Queridos mamãe e papai, Espero que tenham ficado tão surpresos com o conteúdo quanto eu. E uma coisa de aspecto interessante e espero que os pássaros da China também sejam interessantes. Afinal, lá existem pandas. Encontramos uma pequena sampana, mais ou menos a 200 quilômetros da costa da China, com o mastro quebrado e que jamais deveria ter-se afastado tanto. Com exceção de dois, os outros tripulantes estavam mortos. Agora, todos estão mortos. Um deles, que ainda não estava morto, segurava essa coisa em forma de ovo, toda enrolada em um acolchoado, como se fosse um bebê, só que eu não sabia que era um ovo, nem naquele momento, nem depois. Um deles morreu logo que chegou a bordo, mas aquele outro ainda viveu mais dois dias, apesar de todo o meu esforço. Infelizmente, ninguém aqui falava chinês, porque ele era um bom sujeito, solitário, e eu sabia que ele era um caso perdido, infelizmente assim são as coisas. E, quando percebeu que estava quase no fim, ele me deu esse ovo e falou alguma coisa, com a voz muito fraca que, de qualquer forma, eu não teria conseguido entender. Tudo que pude fazer foi pegá-lo, segurá-lo cuidadosamente, como ele o fizera, e dizer-lhe que cuidaria dele, o que ele também não conseguiu compreender. Depois, falou mais alguma coisa, olhou muito preocupado e morreu, o pobre sujeito. Isso é tudo! Sei que é um ovo porque, quando eu lhe levei ovo cozido para ele comer, ele me apontou os dois para me mostrar, mas ninguém a bordo sabe de que tipo é. Como eu lhe prometi que o manteria em segurança, estou enviando-o para vocês, para que o guardem para mim, já que neste navio não há lugar seguro. Espero que o ovo não rache na viagem. Espero que o ovo os encontre da mesma forma como me deixa agora.

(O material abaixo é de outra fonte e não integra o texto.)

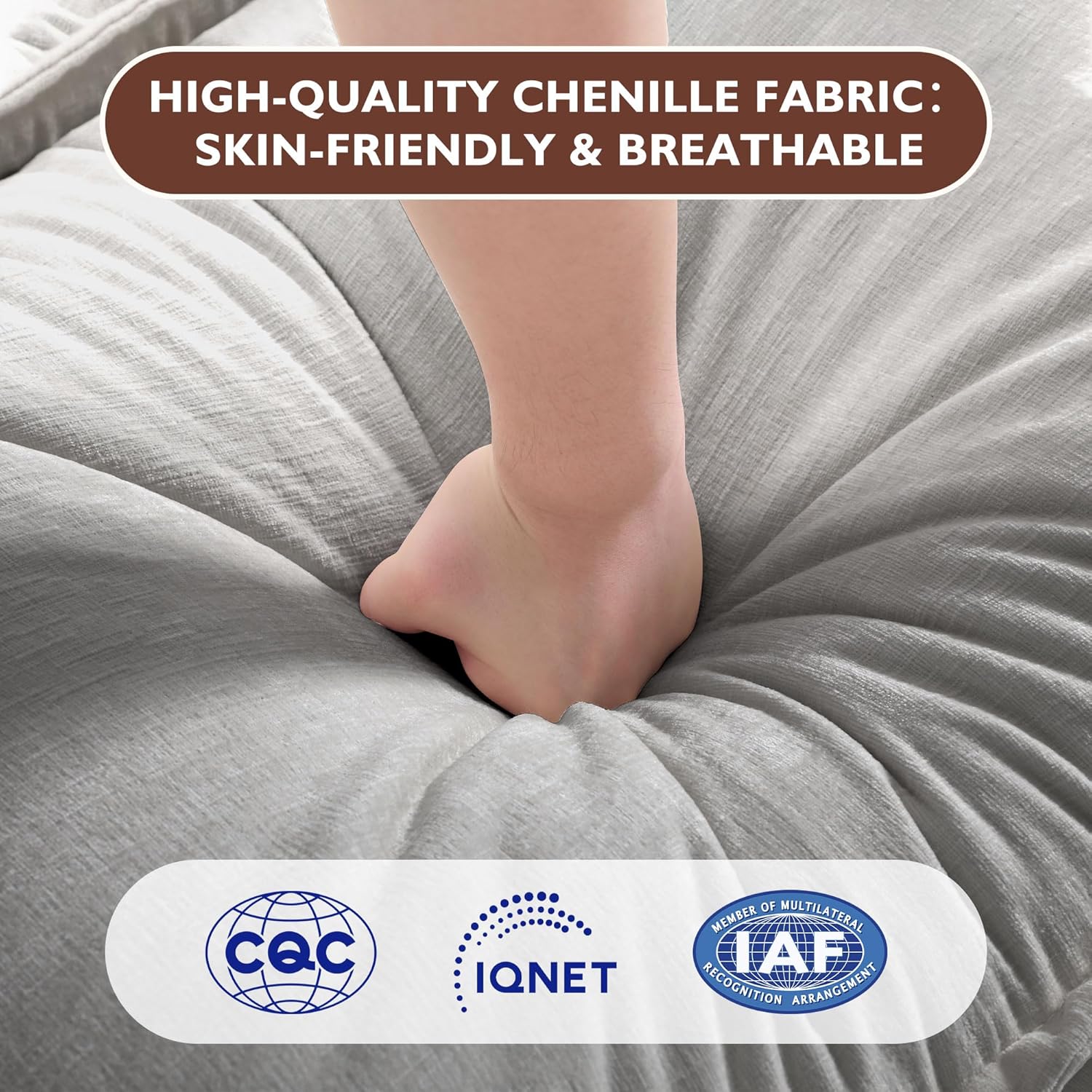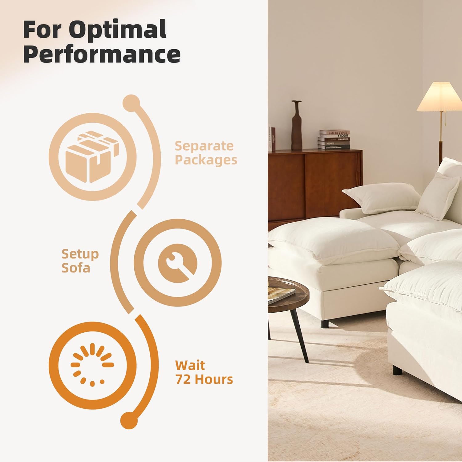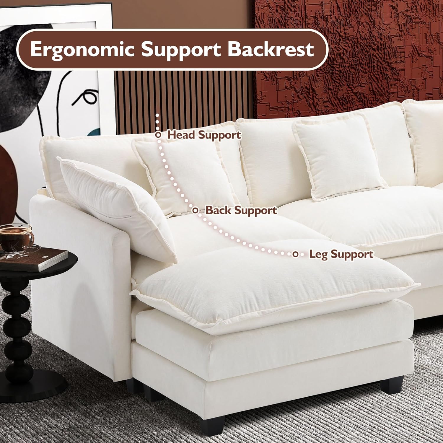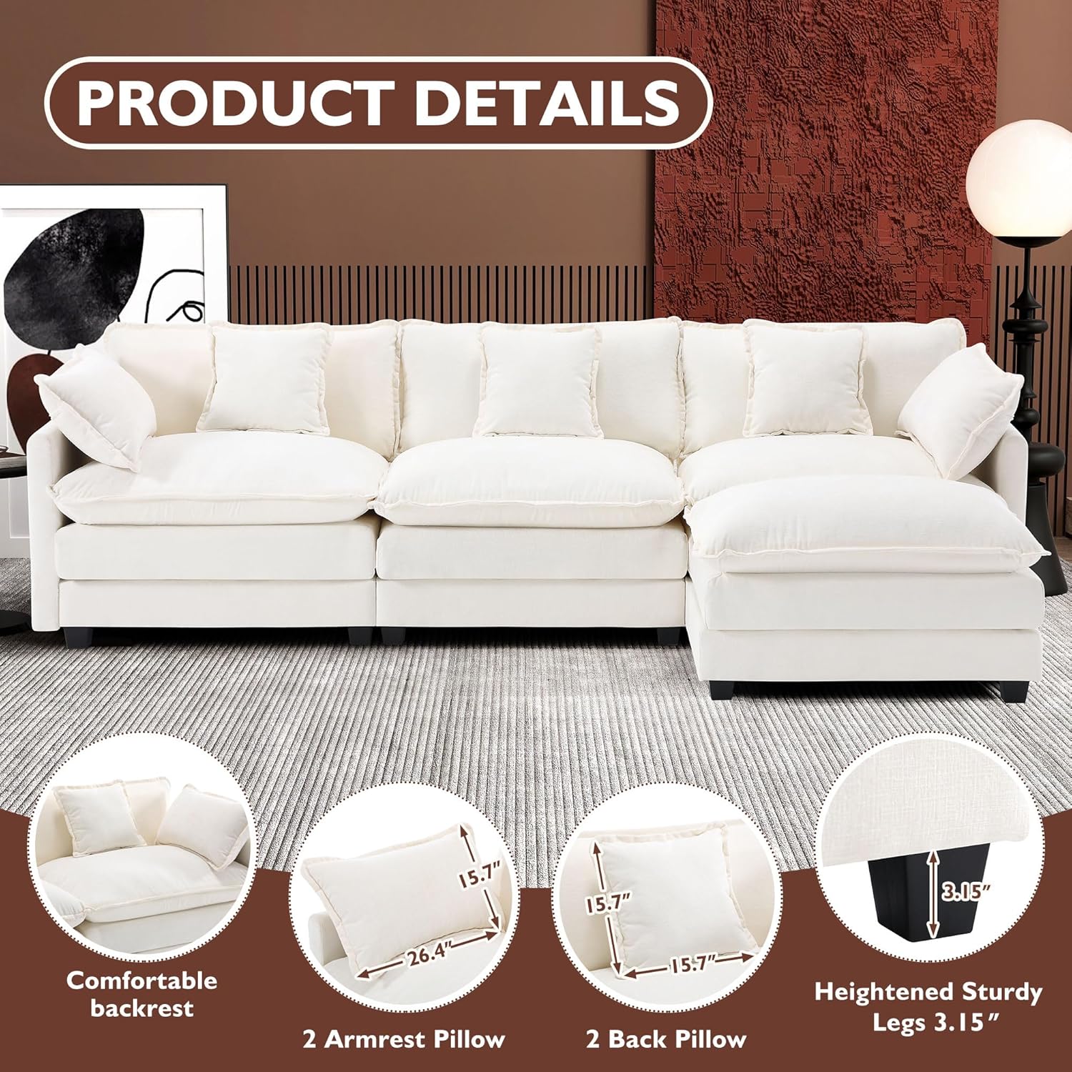 111.4 Inch L-Shaped Modern Sofa Modular Cloud Sofa with Ottoman, 4-Seater Chenille Deep Seat Sofa with Pillows for Living Room, Bedroom and Apartment, Beige
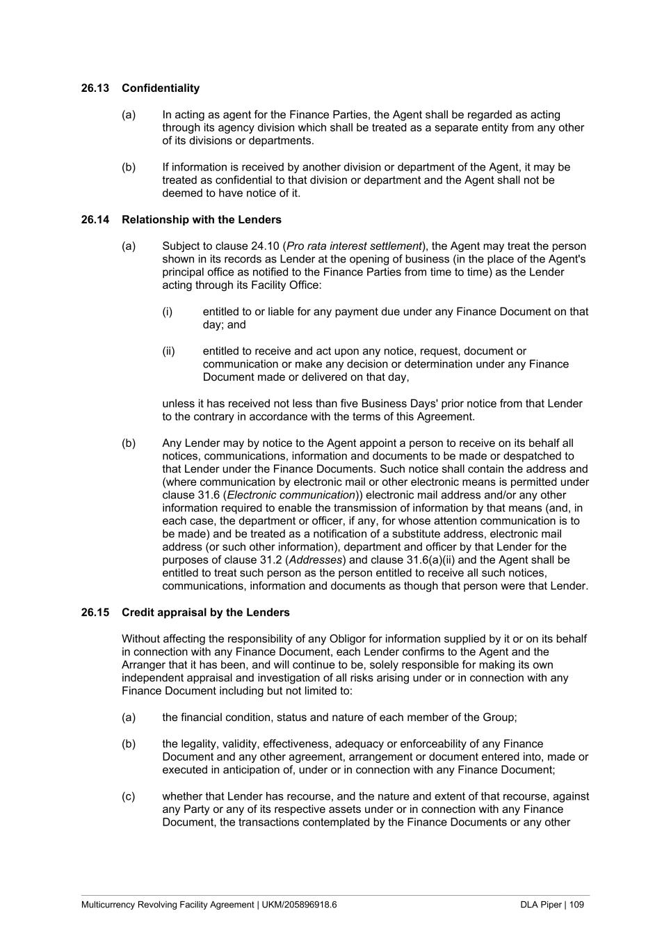 Multicurrency Revolving Facility Agreement | UKM/205896918.6 DLA Piper | 109 26.13 Confidentiality (a) In acting as agent for the Finance Parties, the Agent shall be regarded as acting through its agency division which shall be treated as a separate entity from any other of its divisions or departments. (b) If information is received by another division or department of the Agent, it may be treated as confidential to that division or department and the Agent shall not be deemed to have notice of it. 26.14 Relationship with the Lenders (a) Subject to clause 24.10 (Pro rata interest settlement), the Agent may treat the person shown in its records as Lender at the opening of business (in the place of the Agent's principal office as notified to the Finance Parties from time to time) as the Lender acting through its Facility Office: (i) entitled to or liable for any payment due under any Finance Document on that day; and (ii) entitled to receive and act upon any notice, request, document or communication or make any decision or determination under any Finance Document made or delivered on that day, unless it has received not less than five Business Days' prior notice from that Lender to the contrary in accordance with the terms of this Agreement. (b) Any Lender may by notice to the Agent appoint a person to receive on its behalf all notices, communications, information and documents to be made or despatched to that Lender under the Finance Documents. Such notice shall contain the address and (where communication by electronic mail or other electronic means is permitted under clause 31.6 (Electronic communication)) electronic mail address and/or any other information required to enable the transmission of information by that means (and, in each case, the department or officer, if any, for whose attention communication is to be made) and be treated as a notification of a substitute address, electronic mail address (or such other information), department and officer by that Lender for the purposes of clause 31.2 (Addresses) and clause 31.6(a)(ii) and the Agent shall be entitled to treat such person as the person entitled to receive all such notices, communications, information and documents as though that person were that Lender. 26.15 Credit appraisal by the Lenders Without affecting the responsibility of any Obligor for information supplied by it or on its behalf in connection with any Finance Document, each Lender confirms to the Agent and the Arranger that it has been, and will continue to be, solely responsible for making its own independent appraisal and investigation of all risks arising under or in connection with any Finance Document including but not limited to: (a) the financial condition, status and nature of each member of the Group; (b) the legality, validity, effectiveness, adequacy or enforceability of any Finance Document and any other agreement, arrangement or document entered into, made or executed in anticipation of, under or in connection with any Finance Document; (c) whether that Lender has recourse, and the nature and extent of that recourse, against any Party or any of its respective assets under or in connection with any Finance Document, the transactions contemplated by the Finance Documents or any other
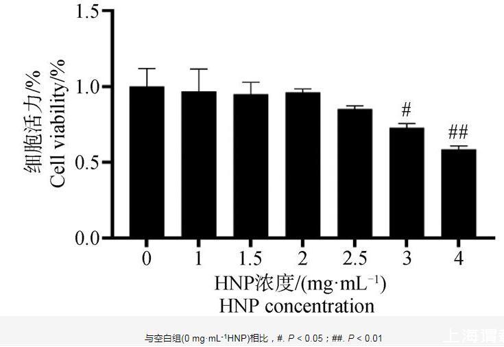 CCK-8结果如图6所示,在1.5~2.5 mg·mL-1呼宁散作用下,细胞存活率为80%~95%,且无明显差异性,呼宁散在3 mg·mL-1浓度下细胞活力显著降低(P<0.05),在4 mg·mL-1呼宁散作用下细胞成活率极显著降低(P<0.01),说明呼宁散在1~2.5 mg·mL-1浓度对细胞无明显毒性作用,因此本试验选用1.5、2、2.5 mg·mL-1作为呼宁散低、中、高剂量组的给药浓度。
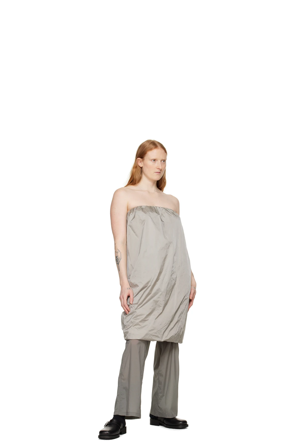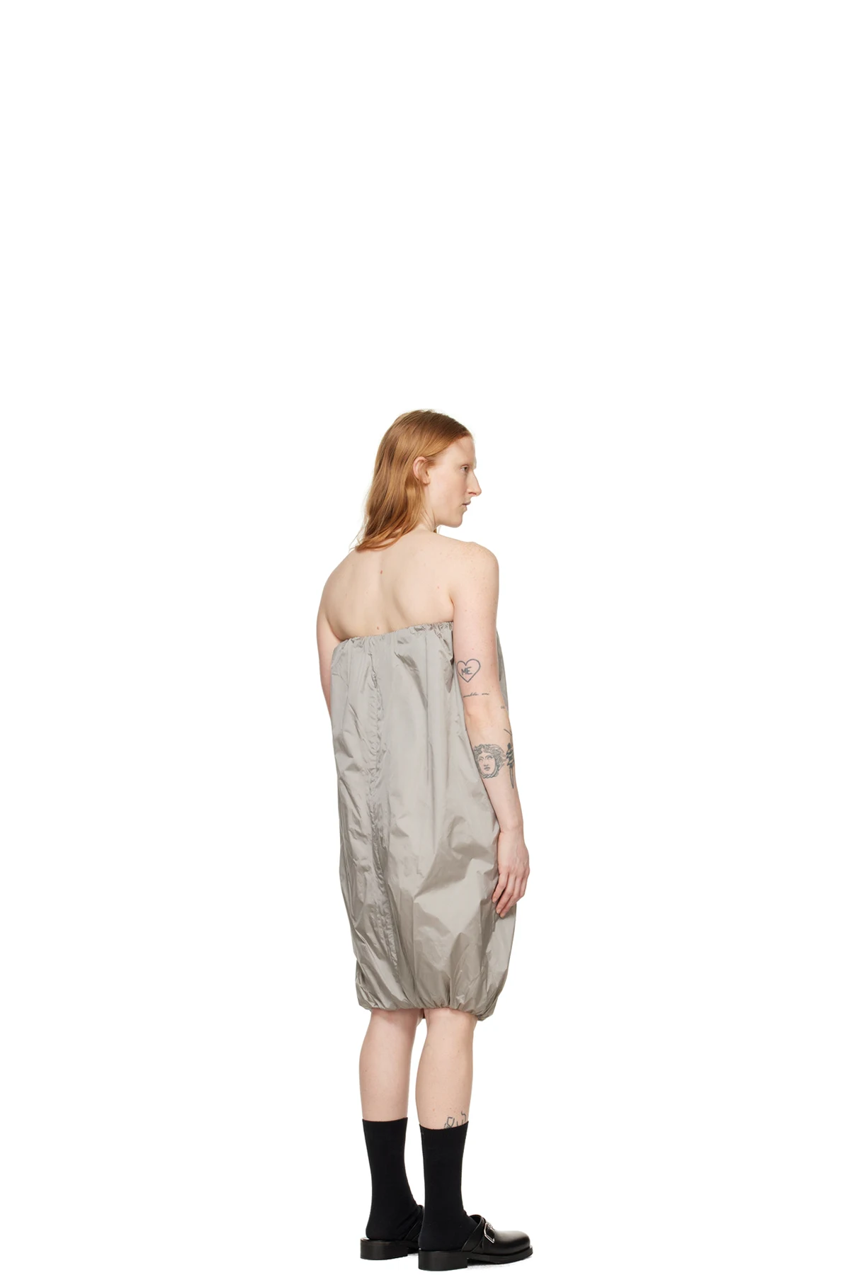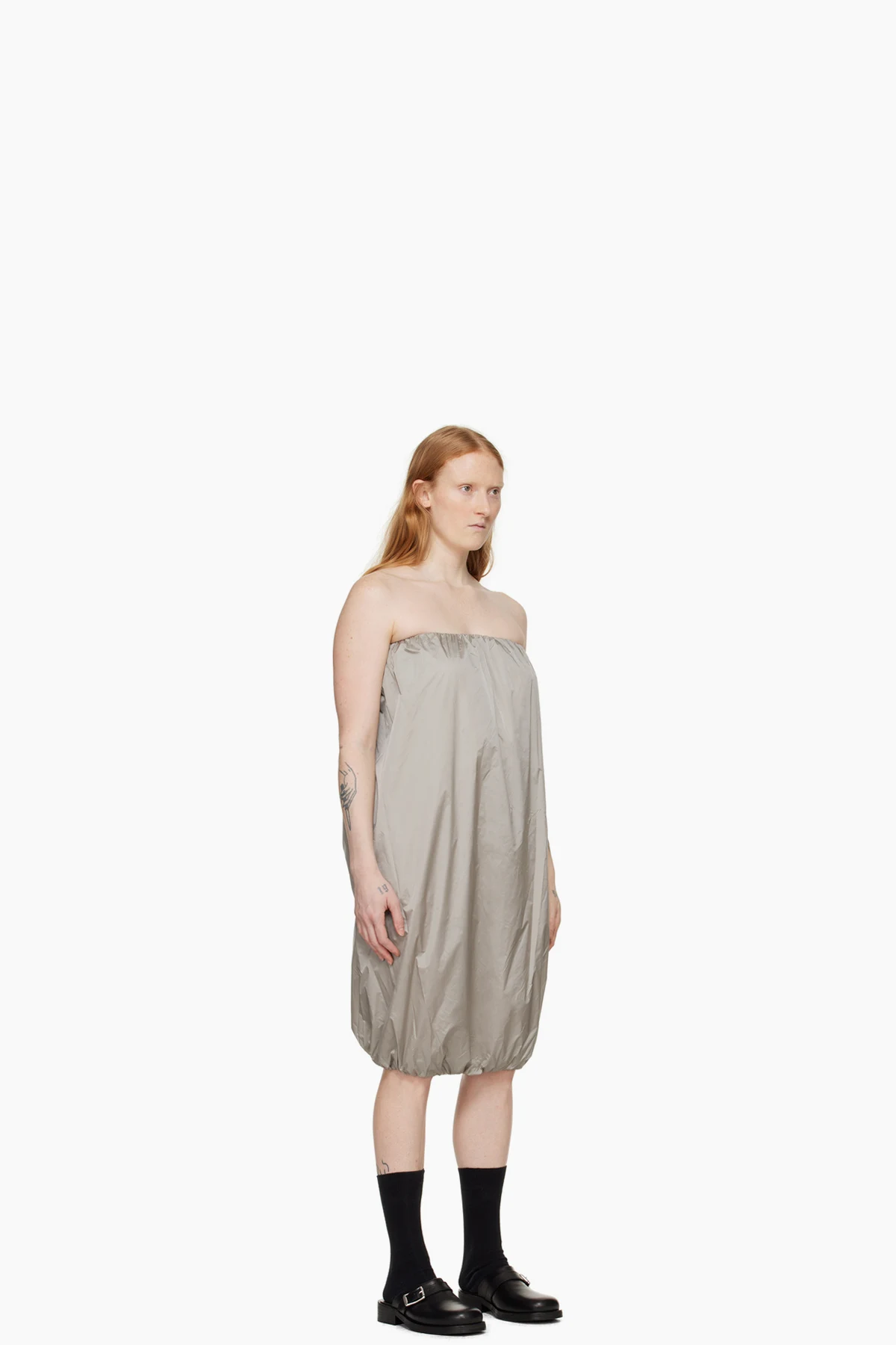Nylon taffeta dress. Shirring throughout.
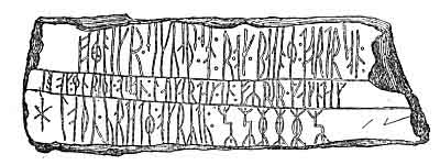 The following is a representation of this remarkable monument which was transported to Copenhagen, and found on examination, to present a complete inscription in Runic characters:--
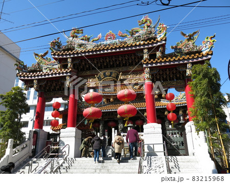 日本橫濱城市景觀二月。橫濱中華街和關帝廟街的景色。後面的「天長門」和橫濱世界=第8名
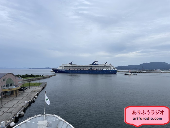 桟橋に停泊していた外国客船がゆっくり出航していきました。
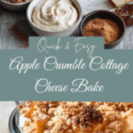 This Apple Crumble Cottage Cheese Bake came to life one chilly afternoon when I was craving something sweet but wholesome. With apples on the counter and cottage cheese in the fridge, I blended the two into a creamy, spiced dessert that’s now a family favorite. It’s layered like a trifle—cheesecake base, caramelized apples, oat crumble—and ready in no time. Whether I serve it in mason jars or one big dish, this fall treat is cozy, satisfying, and secretly packed with protein. Apple Crumble Cottage Cheese Bake
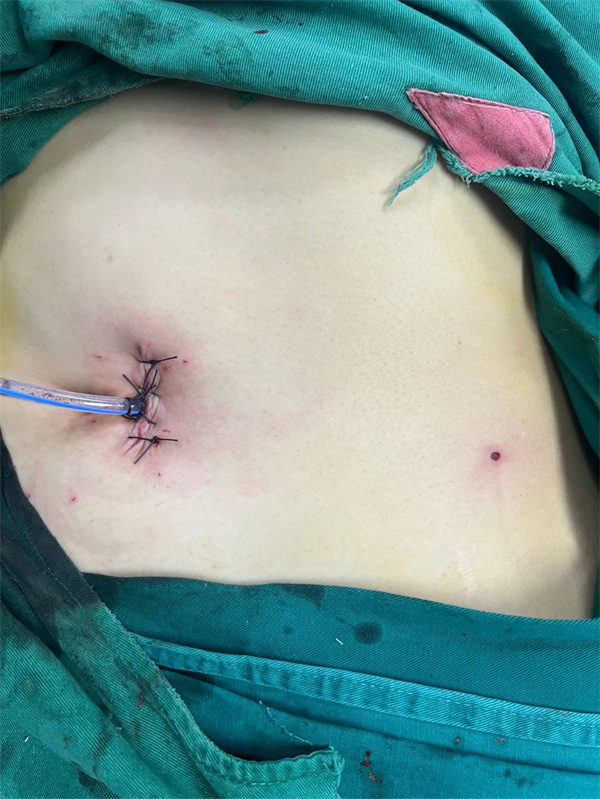 脐部切口与皮肤天然褶皱重合,左侧腹针尖大小切口
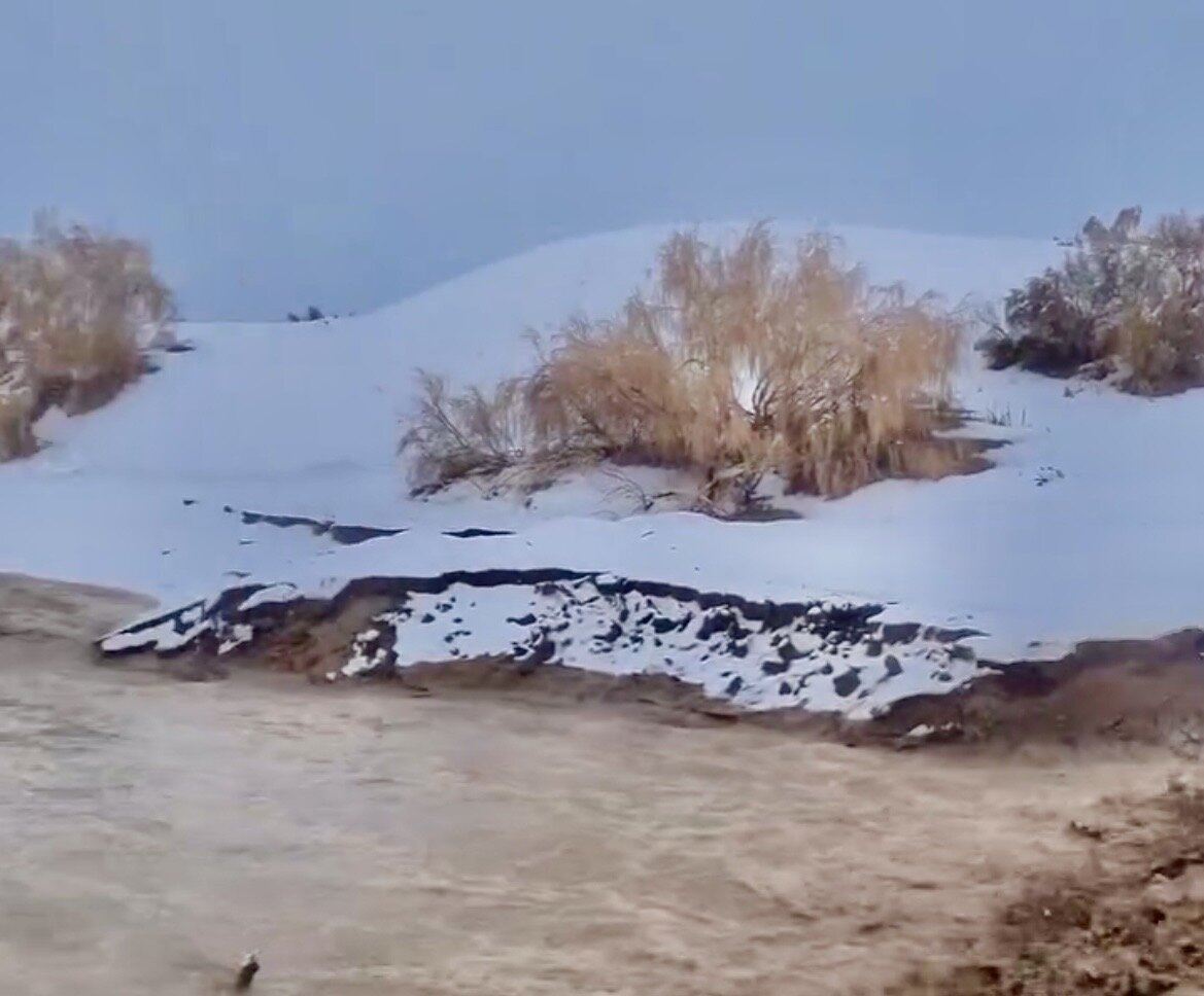 تصاویری از پدیده نادر و کمیاب بارش برف و راه افتادن سیلاب به شکل همزمان در کویر مصر منتشر شده است

Com muito amor a todos, Dai.

 

       — Bem, agora há algo de estranho — disse a senhora Hughes, quando terminou de ler. — E, de fato, parece um ovo; a forma dele — reconheceu. — Mas as cores não são. São parecidas. Como você vê que há óleo na estrada quando chove. Mas em minha vida jamais vi um ovo como esse. A cor é positivamente de ovo, mas não o brilho.

       Hwyl continuou a olhar para o ovo, pensativamente.

       — Sim, é bonito — concordou —, mas para que serve?

       — Tem a sua finalidade, claro! — disse a esposa. — E uma confiança... e também sagrada. O pobre homem estava morrendo e nosso Dai deu-lhe a sua palavra. Agora, estou pensando em como o manteremos em segurança até ele voltar.

       Ambos ficaram olhando por algum tempo para o ovo.

       — A China é muito longe — observou Bronwen sombriamente.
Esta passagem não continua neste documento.